- Task prompt
Using the entries below, copy exactly each line from the line with "Colstrip High School" up to and including the line with "Fig (2): Universal horizontal metroscope", with every picture left out.

Data entries:
========

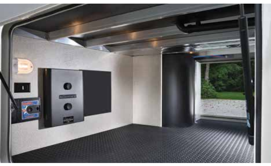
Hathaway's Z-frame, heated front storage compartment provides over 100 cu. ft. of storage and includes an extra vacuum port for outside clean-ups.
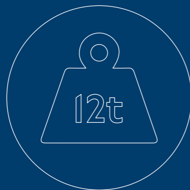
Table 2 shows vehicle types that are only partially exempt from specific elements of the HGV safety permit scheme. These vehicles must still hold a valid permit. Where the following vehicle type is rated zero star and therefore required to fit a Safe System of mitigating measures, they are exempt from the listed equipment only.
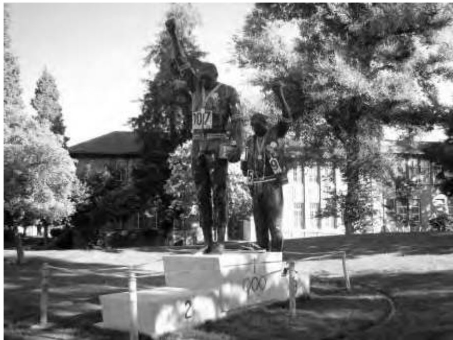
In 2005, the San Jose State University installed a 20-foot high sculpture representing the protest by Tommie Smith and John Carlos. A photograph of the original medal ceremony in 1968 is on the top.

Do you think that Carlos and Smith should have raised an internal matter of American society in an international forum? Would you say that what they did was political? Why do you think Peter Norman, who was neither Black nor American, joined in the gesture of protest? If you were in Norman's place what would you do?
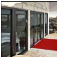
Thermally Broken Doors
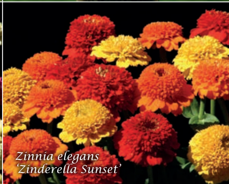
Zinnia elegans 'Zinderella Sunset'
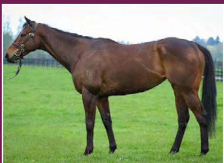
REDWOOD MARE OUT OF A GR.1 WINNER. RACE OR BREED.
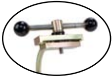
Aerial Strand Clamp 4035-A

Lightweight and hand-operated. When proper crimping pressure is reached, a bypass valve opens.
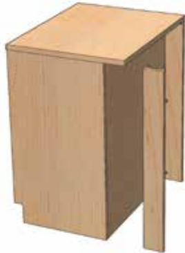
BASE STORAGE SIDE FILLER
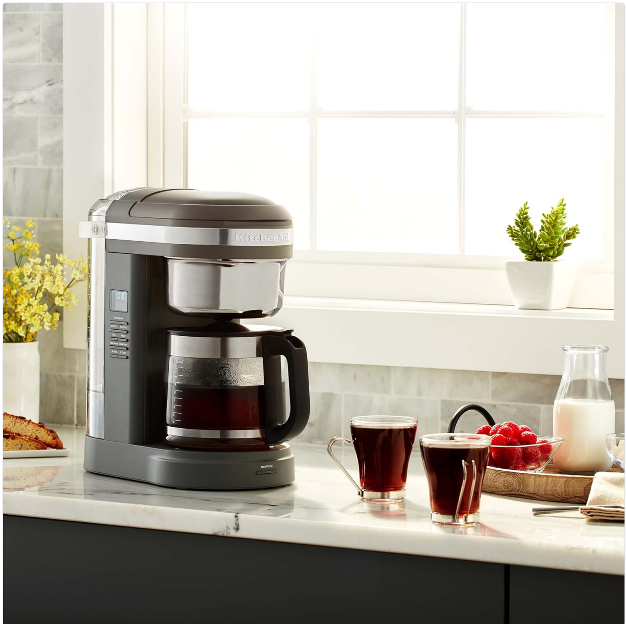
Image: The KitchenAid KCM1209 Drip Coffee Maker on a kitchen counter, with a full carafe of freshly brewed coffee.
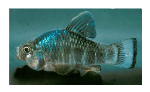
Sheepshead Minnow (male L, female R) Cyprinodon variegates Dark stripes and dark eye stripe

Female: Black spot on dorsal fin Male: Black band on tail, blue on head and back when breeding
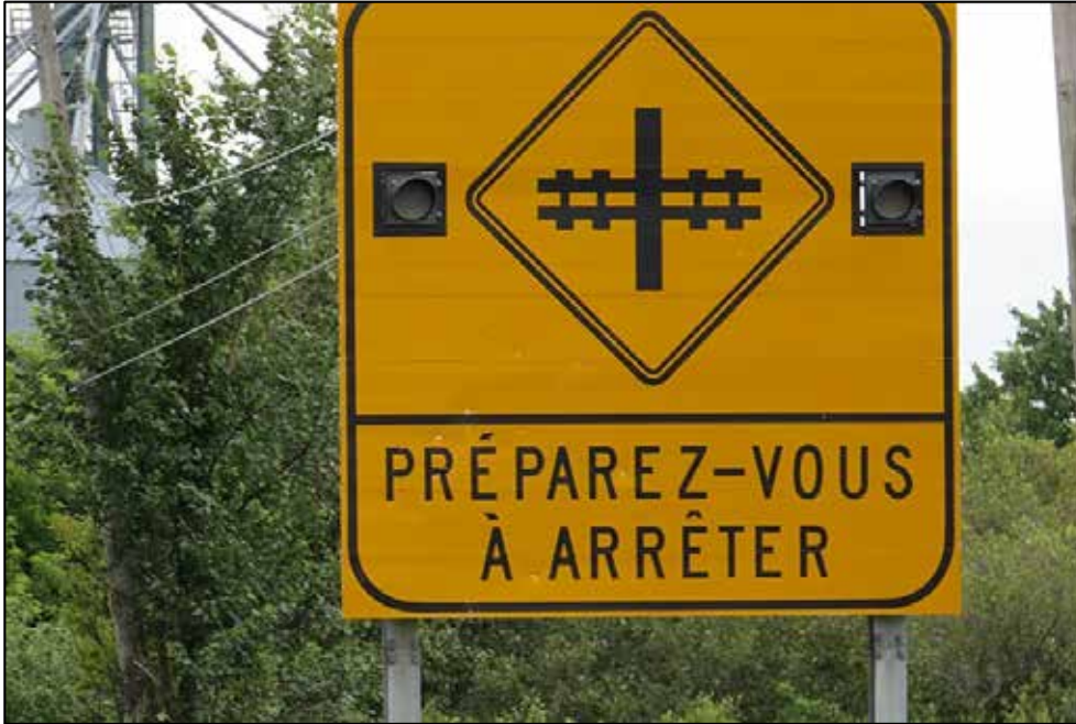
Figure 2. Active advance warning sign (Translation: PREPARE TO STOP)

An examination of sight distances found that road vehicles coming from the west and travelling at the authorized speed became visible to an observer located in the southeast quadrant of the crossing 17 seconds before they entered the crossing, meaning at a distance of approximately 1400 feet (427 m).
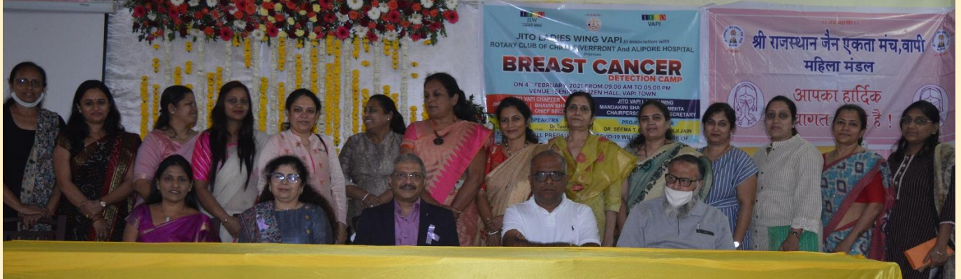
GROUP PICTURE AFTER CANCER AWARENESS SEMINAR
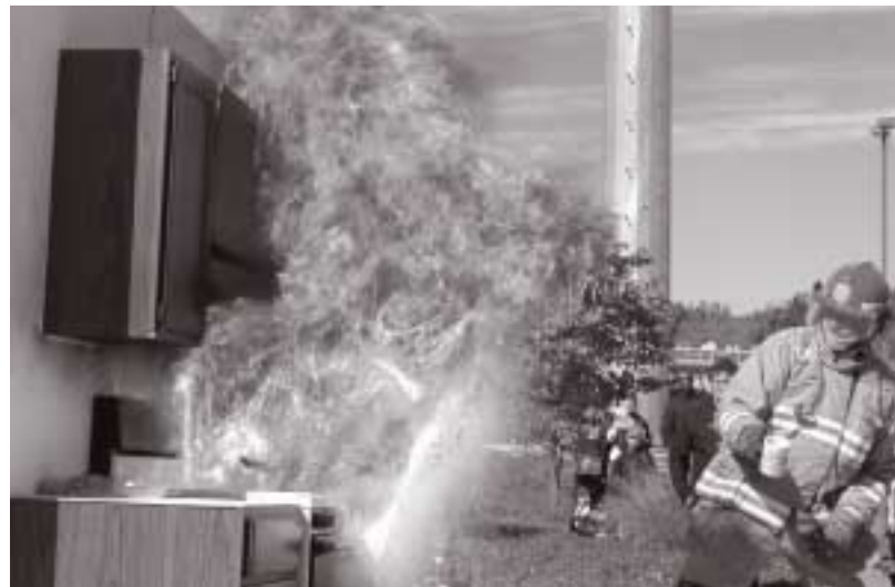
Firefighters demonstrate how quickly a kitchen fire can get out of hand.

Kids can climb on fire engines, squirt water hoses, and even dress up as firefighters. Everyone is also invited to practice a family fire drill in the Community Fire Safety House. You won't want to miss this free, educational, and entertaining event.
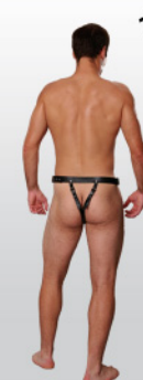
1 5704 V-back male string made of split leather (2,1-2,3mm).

========

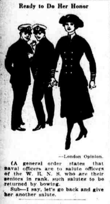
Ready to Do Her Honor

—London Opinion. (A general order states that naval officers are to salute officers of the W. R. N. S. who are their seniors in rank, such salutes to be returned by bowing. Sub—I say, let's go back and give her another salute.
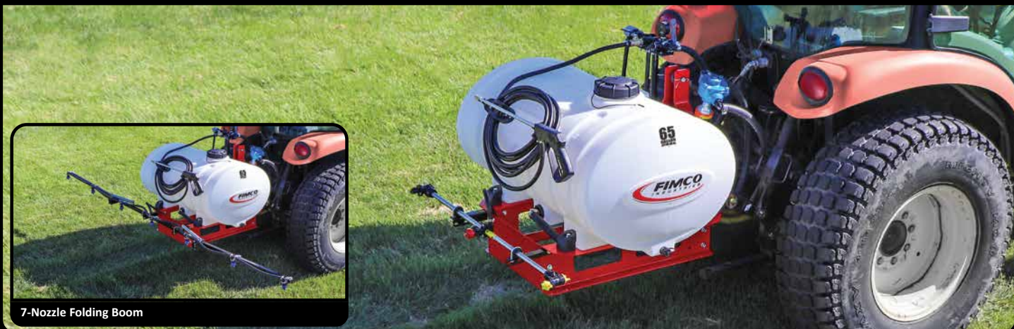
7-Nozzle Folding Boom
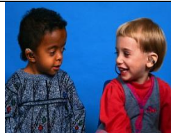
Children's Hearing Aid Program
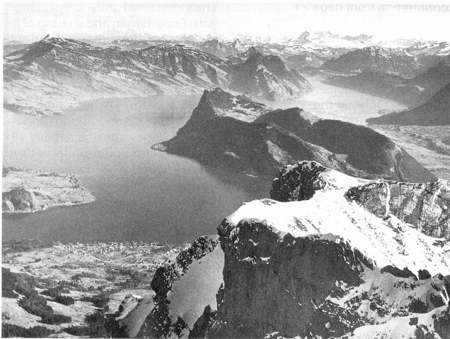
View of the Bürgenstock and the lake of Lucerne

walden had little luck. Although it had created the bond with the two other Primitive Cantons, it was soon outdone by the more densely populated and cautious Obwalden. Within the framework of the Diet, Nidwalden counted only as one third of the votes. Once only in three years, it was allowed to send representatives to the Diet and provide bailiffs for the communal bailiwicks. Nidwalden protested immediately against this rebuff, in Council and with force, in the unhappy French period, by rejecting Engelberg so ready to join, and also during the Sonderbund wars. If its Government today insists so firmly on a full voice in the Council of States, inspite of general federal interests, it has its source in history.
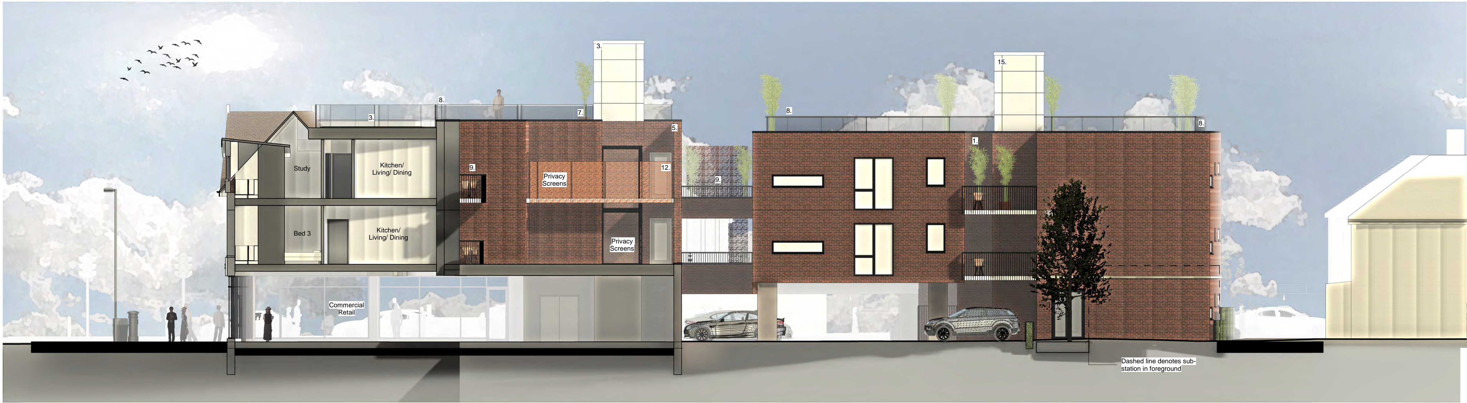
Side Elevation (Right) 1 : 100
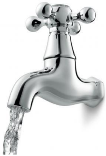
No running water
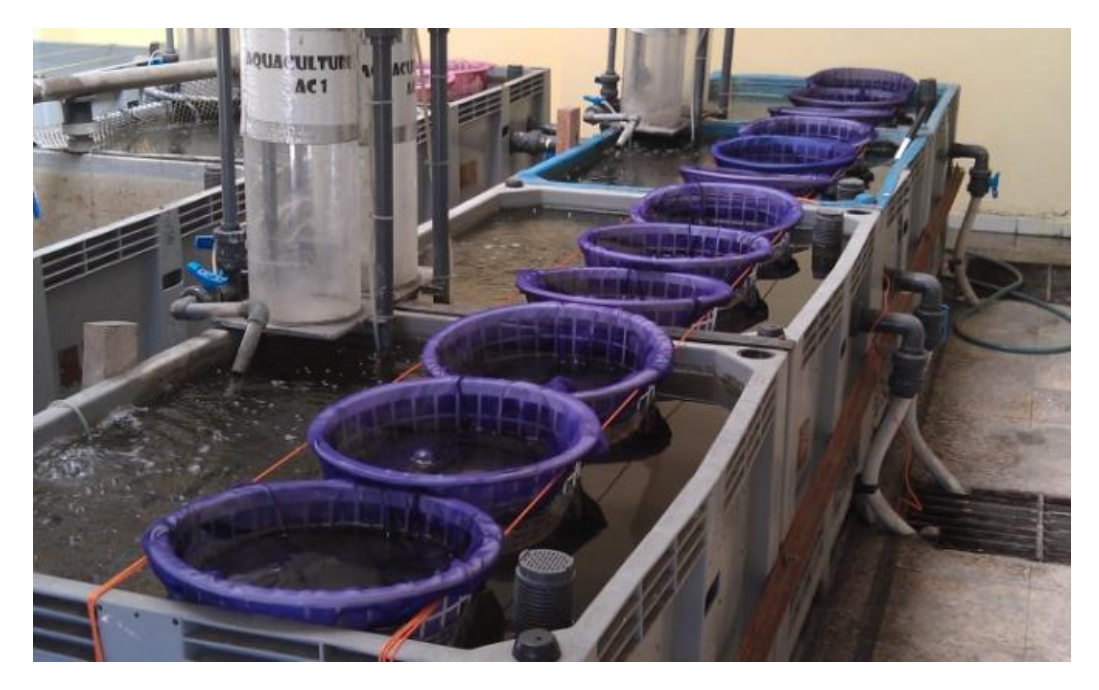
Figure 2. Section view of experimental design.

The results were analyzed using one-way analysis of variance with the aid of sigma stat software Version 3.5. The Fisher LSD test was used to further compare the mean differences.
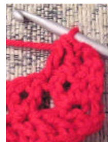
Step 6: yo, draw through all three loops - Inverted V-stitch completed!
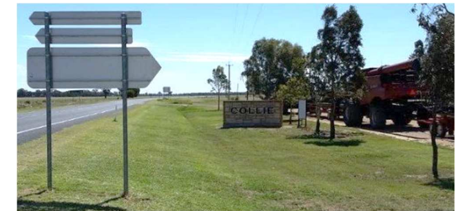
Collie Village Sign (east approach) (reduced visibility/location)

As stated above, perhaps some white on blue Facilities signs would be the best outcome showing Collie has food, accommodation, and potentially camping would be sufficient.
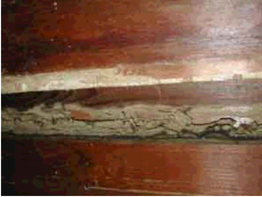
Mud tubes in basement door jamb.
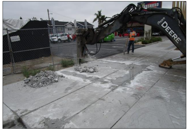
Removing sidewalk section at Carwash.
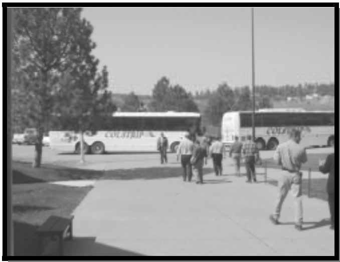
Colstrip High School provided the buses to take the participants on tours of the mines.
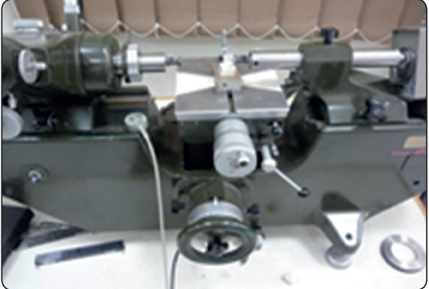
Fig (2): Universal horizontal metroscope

========

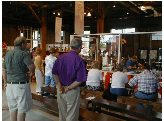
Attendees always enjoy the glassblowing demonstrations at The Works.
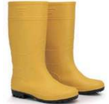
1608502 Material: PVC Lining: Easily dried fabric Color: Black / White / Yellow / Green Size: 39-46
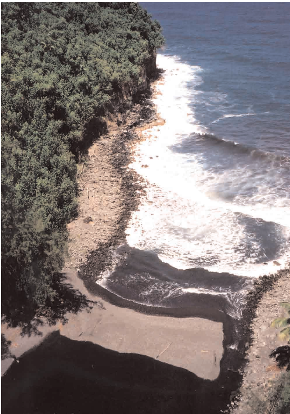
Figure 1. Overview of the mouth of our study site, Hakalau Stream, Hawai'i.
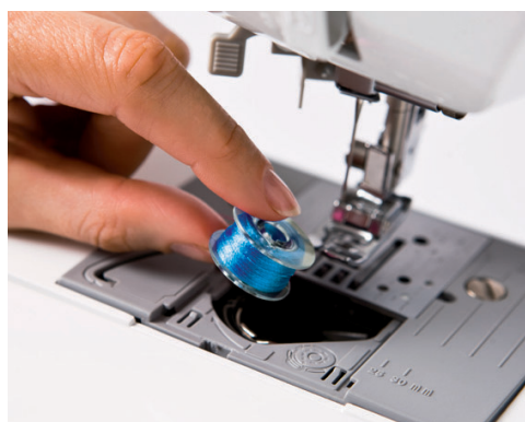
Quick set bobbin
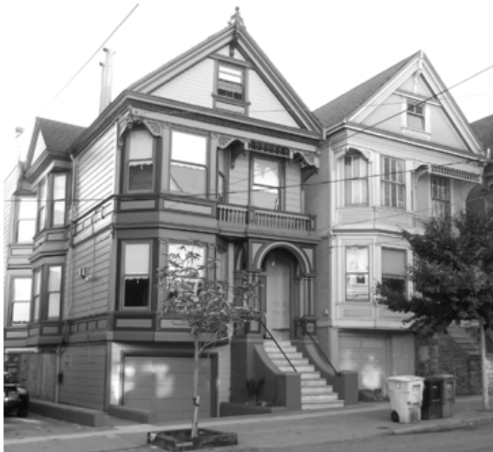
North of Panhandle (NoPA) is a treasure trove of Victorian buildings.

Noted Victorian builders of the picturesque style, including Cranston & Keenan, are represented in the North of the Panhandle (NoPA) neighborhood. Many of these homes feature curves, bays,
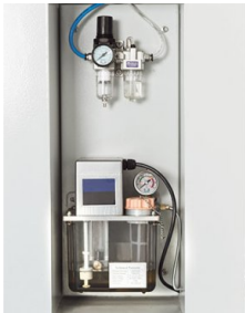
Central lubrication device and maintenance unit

========

- Written solution
Colstrip High School provided the buses to take the participants on tours of the mines.
Fig (2): Universal horizontal metroscope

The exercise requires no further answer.